===== Task data =====

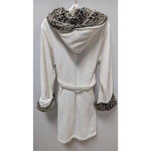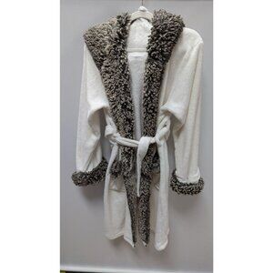 Pottery Barn Ivory/Brown Faux-Fur Robe. Size Small. Gently used, with minor spotting and some wear to the faux-fur; in overall good condition. It has a fuzzy/furry texture with faux-fur cuffs and collar. It has 2 pockets and includes the waist tie.
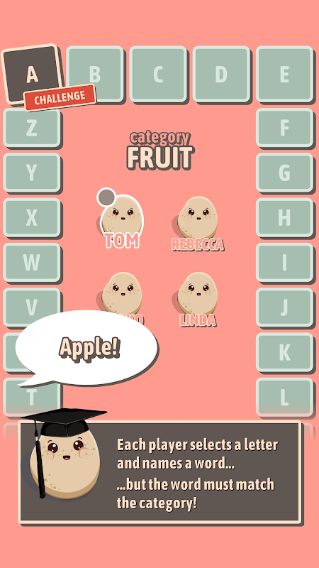 Pilih huruf, namakan perkataan yang bermula dengan huruf itu. Tetapi berhati-hati – jika perkataan tidak sepadan dengan kategori yang disediakan, anda akan keluar!
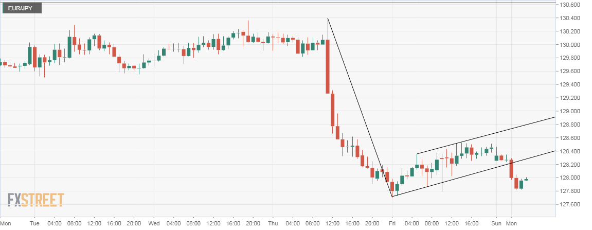 - The EUR/JPY hourly chart shows a bear flag breakdown – a bearish continuation pattern, which indicates the sell-off from the high of 130.36 has resumed.
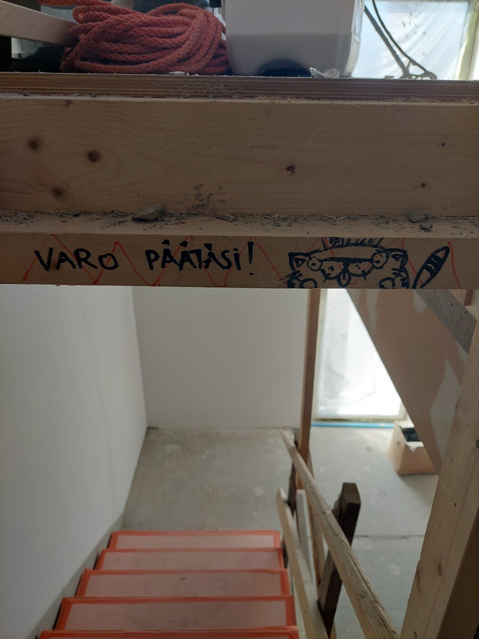 This year’s Finnish conference of linguistics (Kielitieteen päivät) was organized as an on-site event at the university of Turku. As encouraged by the organizers, we approached the conference’s theme – contacts, corpora, and variation – open-mindedly and creatively, which led us to look at our data a bit differently from how we usually do. In our presentation “Emergent texts: instructing work practices at construction sites” we explored new avenues. This time, we did not focus on our video-recorded data of workers accomplishing different tasks, but instead on the linguistic landscape that constantly surrounds the people at the worksite.
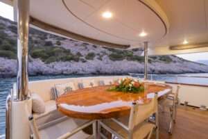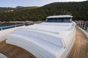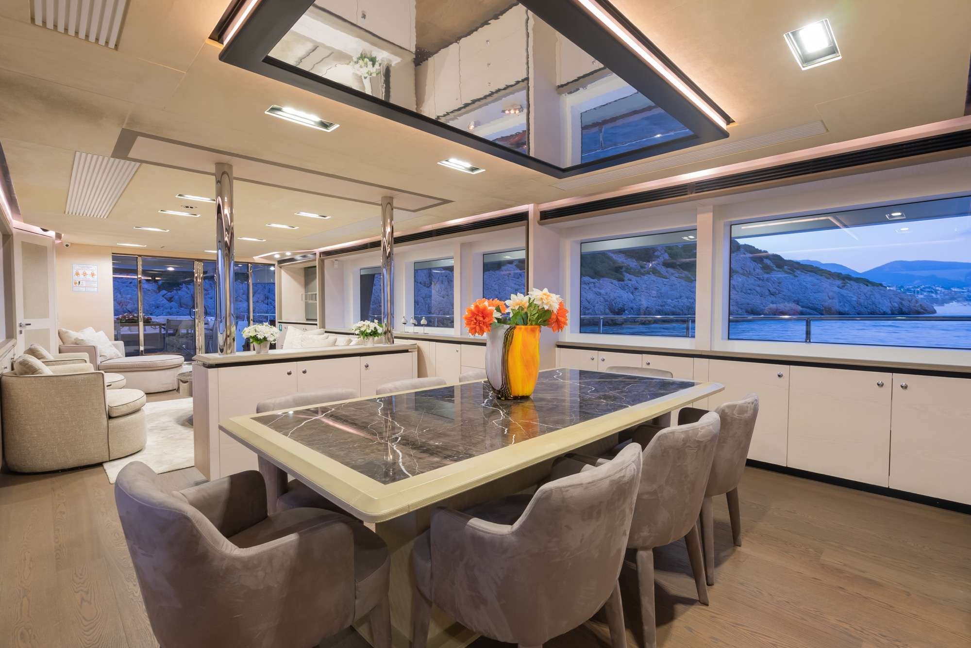 Inside, the main saloon is a bright, contemporary sanctuary. Floor-to-ceiling windows flood the interior with natural light and offer stunning views of the coastline. ARCHSEA is the perfect choice for exploring the turquoise waters of Turkey and the Greek Islands in absolute luxury and style.
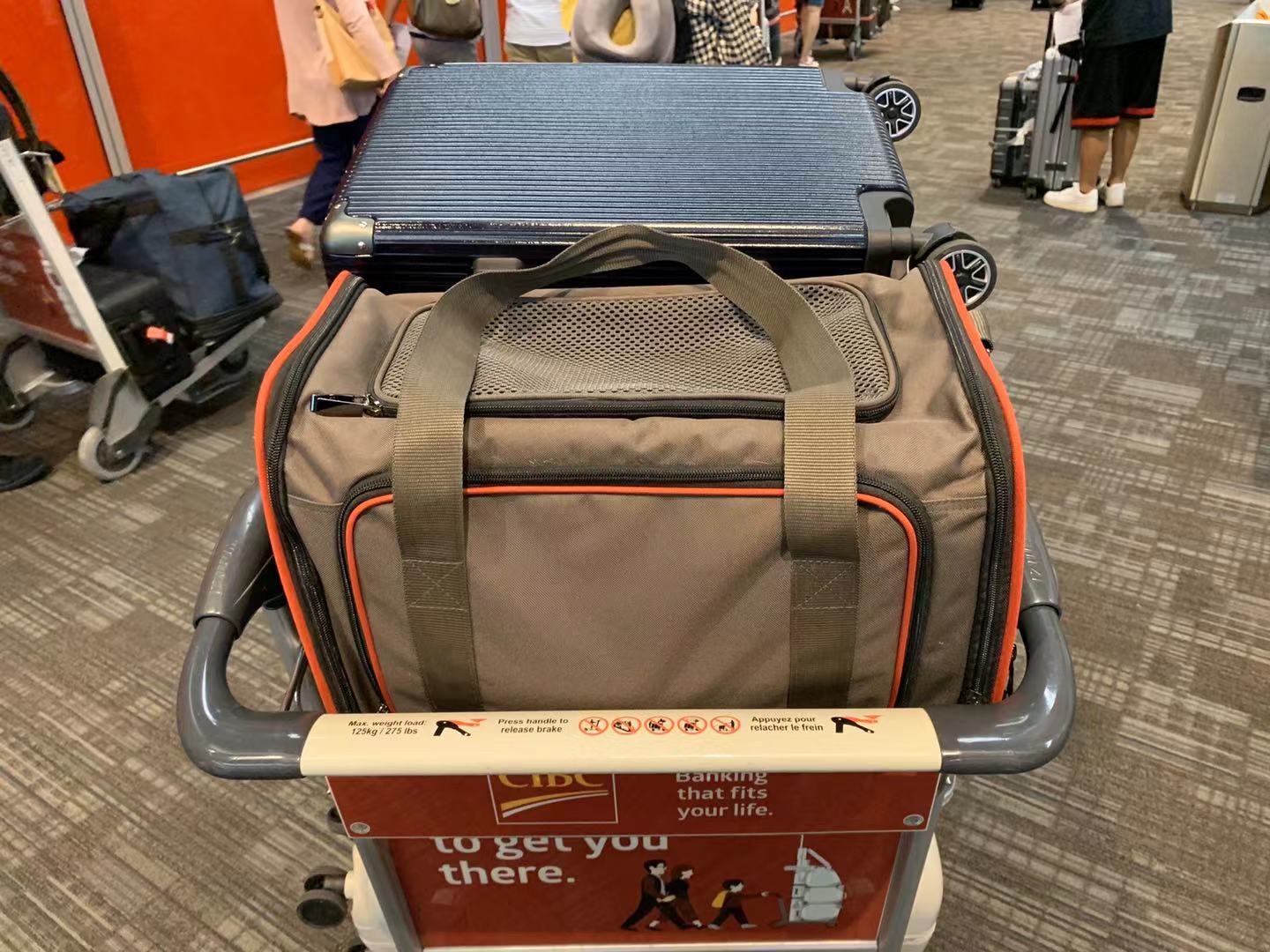 落地皮尔逊机场后,通关时候签证官也没有过问,在拿到行李后走申报通道,把《动物卫生证书》交给工作人员,然后缴费($35)即可,期间工作人员打开笼子看了一眼耶加,并没有扫描芯片,但是有询问有没有携带猫粮。办完手续后,耶加就这样顺利来到枫叶国。
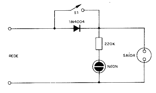 Con el circuito indicado se puede dejar un soldador medio calentado, o en una posición de baja potencia, lo que ocurre cuando S1 está abierta y sólo la mitad de los semiciclos de la alimentación son conducidos. Con el diodo utilizado el circuito admite soldadores hasta 100 W. No utilice este circuito con aparatos electrónicos o lámparas electrónicas. Atención, pues el circuito no tiene aislamiento de la red de energía.
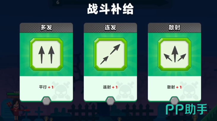 每局游戏开始时,系统会随机提供三个被动技能供玩家挑选。其中,“散射”是一个极具泛用性的选项,开启后每次发射的箭矢会在飞行过程中分裂成多支,大幅扩大攻击覆盖范围。即便未精准瞄准目标,也能通过广域打击命中多个敌人,特别适合应对高密度敌群。另一个值得考虑的是“追踪”技能,当该技能升级至S级后,箭矢将具备自动追踪敌人的能力。虽然在前期无法直接获得追踪效果,但随着等级提升,其精准打击远距离对手的能力将极大提升输出效率。
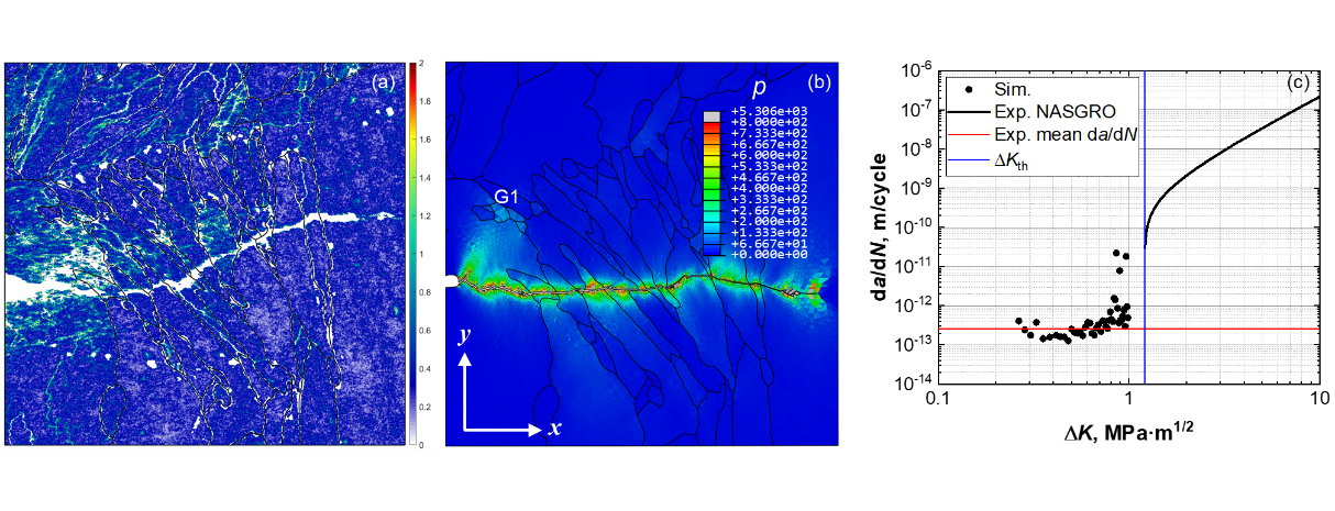(1)捕捉到了超高周疲劳早期的裂纹萌生/扩展过程。揭示了增材制造铝合金的VHCF裂纹萌生/扩展机理,建立了1:1还原实验的缺陷、晶粒织构和载荷条件的有限元模型。

=====

Leave the pictures out, and copy exactly each line from the one containing "Con el circuito" through the final line of the data.

 Con el circuito indicado se puede dejar un soldador medio calentado, o en una posición de baja potencia, lo que ocurre cuando S1 está abierta y sólo la mitad de los semiciclos de la alimentación son conducidos. Con el diodo utilizado el circuito admite soldadores hasta 100 W. No utilice este circuito con aparatos electrónicos o lámparas electrónicas. Atención, pues el circuito no tiene aislamiento de la red de energía.
 每局游戏开始时,系统会随机提供三个被动技能供玩家挑选。其中,“散射”是一个极具泛用性的选项,开启后每次发射的箭矢会在飞行过程中分裂成多支,大幅扩大攻击覆盖范围。即便未精准瞄准目标,也能通过广域打击命中多个敌人,特别适合应对高密度敌群。另一个值得考虑的是“追踪”技能,当该技能升级至S级后,箭矢将具备自动追踪敌人的能力。虽然在前期无法直接获得追踪效果,但随着等级提升,其精准打击远距离对手的能力将极大提升输出效率。
(1)捕捉到了超高周疲劳早期的裂纹萌生/扩展过程。揭示了增材制造铝合金的VHCF裂纹萌生/扩展机理,建立了1:1还原实验的缺陷、晶粒织构和载荷条件的有限元模型。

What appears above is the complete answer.